◆ Task to carry out
Go line by line through the data and copy those with the word "asked".

◆ Provided material
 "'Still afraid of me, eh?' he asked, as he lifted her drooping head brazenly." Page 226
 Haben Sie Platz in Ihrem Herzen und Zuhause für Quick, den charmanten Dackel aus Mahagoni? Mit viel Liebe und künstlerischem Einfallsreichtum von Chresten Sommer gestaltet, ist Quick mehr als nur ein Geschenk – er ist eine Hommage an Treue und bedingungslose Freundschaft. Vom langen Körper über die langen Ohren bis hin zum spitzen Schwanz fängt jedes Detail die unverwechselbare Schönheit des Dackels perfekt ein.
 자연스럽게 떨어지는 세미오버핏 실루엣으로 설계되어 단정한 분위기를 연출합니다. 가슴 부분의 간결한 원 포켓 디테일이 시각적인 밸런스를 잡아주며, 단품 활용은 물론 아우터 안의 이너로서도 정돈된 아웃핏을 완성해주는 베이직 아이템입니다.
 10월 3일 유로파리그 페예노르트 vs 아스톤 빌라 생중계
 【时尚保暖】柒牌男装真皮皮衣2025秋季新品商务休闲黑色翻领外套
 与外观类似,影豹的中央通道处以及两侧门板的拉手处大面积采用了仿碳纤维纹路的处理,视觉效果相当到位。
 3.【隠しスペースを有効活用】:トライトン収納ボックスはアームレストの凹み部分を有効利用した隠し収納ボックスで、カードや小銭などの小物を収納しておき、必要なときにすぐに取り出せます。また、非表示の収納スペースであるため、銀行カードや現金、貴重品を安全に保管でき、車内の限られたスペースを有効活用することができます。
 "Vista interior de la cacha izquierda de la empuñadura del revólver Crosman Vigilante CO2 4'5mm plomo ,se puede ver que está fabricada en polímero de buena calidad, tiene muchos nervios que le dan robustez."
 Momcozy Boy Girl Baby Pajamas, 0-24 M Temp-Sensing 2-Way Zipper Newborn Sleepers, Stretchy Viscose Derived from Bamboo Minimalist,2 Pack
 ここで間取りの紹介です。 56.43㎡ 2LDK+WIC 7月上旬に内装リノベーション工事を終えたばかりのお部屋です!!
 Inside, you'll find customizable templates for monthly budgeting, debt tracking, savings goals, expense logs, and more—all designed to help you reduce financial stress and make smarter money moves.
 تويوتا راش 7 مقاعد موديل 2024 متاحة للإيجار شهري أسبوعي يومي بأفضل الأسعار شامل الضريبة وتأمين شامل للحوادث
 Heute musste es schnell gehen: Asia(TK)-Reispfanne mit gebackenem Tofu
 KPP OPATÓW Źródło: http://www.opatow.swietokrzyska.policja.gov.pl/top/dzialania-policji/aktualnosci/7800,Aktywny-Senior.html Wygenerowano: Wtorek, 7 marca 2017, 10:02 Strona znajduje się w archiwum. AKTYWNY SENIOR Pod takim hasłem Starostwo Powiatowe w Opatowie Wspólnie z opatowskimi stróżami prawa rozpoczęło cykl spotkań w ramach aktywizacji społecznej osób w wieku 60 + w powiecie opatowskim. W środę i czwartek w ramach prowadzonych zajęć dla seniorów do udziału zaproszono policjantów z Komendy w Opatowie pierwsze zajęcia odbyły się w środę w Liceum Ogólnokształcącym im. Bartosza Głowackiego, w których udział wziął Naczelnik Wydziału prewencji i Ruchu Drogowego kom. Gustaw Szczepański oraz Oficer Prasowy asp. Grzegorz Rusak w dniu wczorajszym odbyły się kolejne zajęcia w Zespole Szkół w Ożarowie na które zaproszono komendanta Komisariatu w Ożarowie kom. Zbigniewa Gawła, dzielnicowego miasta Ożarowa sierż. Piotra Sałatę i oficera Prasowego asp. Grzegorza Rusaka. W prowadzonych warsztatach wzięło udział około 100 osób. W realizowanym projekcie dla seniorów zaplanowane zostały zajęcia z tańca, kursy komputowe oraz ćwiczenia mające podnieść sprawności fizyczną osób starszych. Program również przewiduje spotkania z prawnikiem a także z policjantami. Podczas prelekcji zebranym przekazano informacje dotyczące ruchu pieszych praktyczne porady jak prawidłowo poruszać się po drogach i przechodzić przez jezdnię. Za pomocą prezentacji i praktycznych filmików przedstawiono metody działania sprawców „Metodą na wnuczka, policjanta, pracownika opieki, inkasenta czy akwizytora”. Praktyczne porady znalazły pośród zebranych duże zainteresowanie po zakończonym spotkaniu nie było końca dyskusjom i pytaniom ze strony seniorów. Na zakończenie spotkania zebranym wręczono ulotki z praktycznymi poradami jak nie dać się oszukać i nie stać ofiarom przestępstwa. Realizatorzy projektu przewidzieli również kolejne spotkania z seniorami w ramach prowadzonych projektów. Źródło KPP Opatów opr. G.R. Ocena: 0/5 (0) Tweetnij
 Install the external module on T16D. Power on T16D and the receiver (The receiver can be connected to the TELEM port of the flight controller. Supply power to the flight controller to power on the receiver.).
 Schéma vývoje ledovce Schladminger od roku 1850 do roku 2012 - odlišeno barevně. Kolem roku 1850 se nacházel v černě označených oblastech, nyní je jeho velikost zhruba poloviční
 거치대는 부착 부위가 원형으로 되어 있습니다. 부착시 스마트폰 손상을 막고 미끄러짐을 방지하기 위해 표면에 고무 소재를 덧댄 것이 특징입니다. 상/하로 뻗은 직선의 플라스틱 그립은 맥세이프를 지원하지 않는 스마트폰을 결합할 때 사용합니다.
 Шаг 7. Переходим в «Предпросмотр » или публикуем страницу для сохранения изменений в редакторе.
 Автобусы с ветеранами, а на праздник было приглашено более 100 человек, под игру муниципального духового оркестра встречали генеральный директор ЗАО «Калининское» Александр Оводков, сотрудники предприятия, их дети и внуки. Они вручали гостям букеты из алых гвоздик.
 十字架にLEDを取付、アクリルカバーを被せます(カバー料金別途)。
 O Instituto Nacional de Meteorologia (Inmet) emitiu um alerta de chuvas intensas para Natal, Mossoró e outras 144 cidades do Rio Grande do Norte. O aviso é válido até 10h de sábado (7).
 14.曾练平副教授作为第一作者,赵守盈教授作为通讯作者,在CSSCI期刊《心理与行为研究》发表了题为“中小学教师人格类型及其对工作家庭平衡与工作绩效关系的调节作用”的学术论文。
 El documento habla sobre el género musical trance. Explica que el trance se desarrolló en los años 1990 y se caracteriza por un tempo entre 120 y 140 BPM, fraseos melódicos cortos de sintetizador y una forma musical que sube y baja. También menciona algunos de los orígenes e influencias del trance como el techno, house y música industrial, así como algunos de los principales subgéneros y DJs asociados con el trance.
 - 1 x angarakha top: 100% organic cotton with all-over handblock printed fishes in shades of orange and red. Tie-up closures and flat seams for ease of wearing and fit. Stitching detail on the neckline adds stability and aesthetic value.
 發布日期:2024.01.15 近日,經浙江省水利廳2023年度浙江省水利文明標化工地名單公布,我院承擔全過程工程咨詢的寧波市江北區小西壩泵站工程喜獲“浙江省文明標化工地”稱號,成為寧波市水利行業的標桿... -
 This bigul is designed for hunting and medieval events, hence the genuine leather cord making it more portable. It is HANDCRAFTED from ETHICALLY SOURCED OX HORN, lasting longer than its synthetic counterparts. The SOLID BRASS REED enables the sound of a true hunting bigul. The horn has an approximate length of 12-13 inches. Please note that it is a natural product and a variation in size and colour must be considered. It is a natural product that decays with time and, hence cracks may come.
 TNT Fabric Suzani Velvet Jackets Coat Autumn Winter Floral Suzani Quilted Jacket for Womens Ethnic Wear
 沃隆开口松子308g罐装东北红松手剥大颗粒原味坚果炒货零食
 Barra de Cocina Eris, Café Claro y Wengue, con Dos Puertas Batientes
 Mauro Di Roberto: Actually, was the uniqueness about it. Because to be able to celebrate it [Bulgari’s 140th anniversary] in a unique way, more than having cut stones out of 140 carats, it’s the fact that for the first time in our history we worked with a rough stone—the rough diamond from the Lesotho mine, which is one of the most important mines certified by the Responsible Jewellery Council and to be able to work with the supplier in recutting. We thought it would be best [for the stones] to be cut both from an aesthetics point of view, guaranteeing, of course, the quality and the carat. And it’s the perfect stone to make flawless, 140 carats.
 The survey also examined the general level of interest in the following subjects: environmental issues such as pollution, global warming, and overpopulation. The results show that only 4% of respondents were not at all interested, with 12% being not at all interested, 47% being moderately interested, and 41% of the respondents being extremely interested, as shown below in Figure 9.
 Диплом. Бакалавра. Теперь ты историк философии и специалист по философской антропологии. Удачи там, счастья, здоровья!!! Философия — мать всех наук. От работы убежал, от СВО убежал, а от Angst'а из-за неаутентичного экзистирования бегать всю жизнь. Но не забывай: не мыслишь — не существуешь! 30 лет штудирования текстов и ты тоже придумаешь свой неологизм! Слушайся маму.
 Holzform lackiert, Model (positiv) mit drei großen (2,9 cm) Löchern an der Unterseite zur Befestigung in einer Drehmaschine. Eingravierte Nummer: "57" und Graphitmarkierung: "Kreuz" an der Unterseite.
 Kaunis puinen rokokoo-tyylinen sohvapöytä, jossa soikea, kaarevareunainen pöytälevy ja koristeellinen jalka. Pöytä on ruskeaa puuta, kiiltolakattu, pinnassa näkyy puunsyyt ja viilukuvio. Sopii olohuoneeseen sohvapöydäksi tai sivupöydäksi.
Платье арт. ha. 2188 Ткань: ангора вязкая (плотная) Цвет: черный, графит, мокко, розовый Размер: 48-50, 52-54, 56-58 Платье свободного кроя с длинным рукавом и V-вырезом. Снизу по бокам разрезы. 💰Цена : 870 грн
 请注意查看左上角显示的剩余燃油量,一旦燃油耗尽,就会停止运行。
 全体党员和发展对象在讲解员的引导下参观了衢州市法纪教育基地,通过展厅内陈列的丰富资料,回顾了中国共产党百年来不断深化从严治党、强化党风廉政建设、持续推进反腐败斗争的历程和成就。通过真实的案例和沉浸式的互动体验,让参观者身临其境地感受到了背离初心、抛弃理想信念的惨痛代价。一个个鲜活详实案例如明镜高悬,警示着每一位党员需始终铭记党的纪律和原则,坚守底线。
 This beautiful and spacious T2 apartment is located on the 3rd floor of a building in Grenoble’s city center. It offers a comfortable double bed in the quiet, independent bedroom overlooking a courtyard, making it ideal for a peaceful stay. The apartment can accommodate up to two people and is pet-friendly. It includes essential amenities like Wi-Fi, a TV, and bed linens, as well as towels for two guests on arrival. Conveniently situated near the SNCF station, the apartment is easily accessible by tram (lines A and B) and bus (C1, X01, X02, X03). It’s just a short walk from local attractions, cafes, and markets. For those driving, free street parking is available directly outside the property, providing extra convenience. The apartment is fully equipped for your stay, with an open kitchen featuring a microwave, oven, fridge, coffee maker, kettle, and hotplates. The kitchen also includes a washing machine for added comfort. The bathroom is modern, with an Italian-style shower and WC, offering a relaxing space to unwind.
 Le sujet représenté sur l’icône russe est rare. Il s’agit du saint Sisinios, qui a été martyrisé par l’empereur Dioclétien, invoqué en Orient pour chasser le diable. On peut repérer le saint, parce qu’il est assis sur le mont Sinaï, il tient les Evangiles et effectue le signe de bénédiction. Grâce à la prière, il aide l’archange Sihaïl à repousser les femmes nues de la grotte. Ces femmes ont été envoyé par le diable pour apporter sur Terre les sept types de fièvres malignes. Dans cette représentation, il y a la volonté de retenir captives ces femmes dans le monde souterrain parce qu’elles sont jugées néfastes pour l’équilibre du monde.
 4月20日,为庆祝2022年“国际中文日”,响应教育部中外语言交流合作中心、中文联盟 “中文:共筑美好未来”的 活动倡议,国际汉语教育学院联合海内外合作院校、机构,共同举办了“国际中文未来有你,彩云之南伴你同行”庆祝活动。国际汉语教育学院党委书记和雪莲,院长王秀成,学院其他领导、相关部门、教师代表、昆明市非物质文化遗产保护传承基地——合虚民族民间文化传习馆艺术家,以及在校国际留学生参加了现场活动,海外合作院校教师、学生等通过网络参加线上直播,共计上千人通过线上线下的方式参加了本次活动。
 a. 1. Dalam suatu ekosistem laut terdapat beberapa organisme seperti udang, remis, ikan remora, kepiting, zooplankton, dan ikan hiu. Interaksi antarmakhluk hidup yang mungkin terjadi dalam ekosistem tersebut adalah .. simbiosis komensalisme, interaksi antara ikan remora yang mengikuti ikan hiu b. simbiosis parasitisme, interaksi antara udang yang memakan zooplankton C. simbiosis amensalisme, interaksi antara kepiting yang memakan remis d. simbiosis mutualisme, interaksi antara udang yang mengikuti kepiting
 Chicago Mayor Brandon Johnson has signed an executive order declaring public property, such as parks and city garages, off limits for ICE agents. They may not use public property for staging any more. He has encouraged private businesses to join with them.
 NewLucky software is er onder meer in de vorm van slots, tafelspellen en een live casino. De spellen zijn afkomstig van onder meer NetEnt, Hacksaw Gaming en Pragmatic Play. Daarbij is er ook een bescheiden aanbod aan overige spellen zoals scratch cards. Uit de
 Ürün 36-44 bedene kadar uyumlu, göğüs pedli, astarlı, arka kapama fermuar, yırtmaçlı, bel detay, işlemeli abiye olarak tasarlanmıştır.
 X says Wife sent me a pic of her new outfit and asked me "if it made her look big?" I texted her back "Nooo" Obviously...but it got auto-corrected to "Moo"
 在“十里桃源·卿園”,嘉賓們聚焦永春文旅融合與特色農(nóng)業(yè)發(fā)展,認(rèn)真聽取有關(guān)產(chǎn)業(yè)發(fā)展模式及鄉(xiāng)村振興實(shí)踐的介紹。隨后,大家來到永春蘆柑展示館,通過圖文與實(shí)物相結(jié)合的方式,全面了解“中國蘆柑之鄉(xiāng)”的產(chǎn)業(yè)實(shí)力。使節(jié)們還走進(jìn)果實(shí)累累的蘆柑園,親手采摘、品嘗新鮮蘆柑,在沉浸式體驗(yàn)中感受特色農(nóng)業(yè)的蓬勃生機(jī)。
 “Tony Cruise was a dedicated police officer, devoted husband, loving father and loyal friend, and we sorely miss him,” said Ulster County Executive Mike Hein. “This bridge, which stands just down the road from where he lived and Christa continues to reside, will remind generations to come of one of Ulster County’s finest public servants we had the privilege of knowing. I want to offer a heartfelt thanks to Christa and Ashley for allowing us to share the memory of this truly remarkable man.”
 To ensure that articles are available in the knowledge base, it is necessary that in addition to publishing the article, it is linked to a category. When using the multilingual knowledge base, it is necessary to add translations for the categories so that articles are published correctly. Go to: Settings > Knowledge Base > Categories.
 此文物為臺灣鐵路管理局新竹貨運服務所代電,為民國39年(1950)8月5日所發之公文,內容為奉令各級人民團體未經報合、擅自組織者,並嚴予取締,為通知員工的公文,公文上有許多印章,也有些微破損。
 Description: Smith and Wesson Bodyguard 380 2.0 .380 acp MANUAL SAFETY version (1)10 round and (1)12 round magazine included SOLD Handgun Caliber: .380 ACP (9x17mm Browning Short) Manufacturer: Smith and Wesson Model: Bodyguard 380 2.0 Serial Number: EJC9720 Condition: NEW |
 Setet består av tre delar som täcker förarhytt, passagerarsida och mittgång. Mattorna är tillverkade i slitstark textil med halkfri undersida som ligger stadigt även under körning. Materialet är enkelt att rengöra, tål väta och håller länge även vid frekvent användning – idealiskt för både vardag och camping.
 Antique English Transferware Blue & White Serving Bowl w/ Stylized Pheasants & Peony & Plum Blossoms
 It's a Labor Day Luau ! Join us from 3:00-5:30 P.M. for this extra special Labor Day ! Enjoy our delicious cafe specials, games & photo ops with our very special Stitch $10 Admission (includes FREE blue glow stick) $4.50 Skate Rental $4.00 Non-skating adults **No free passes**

◆ Problem solution
 "'Still afraid of me, eh?' he asked, as he lifted her drooping head brazenly." Page 226
 X says Wife sent me a pic of her new outfit and asked me "if it made her look big?" I texted her back "Nooo" Obviously...but it got auto-corrected to "Moo"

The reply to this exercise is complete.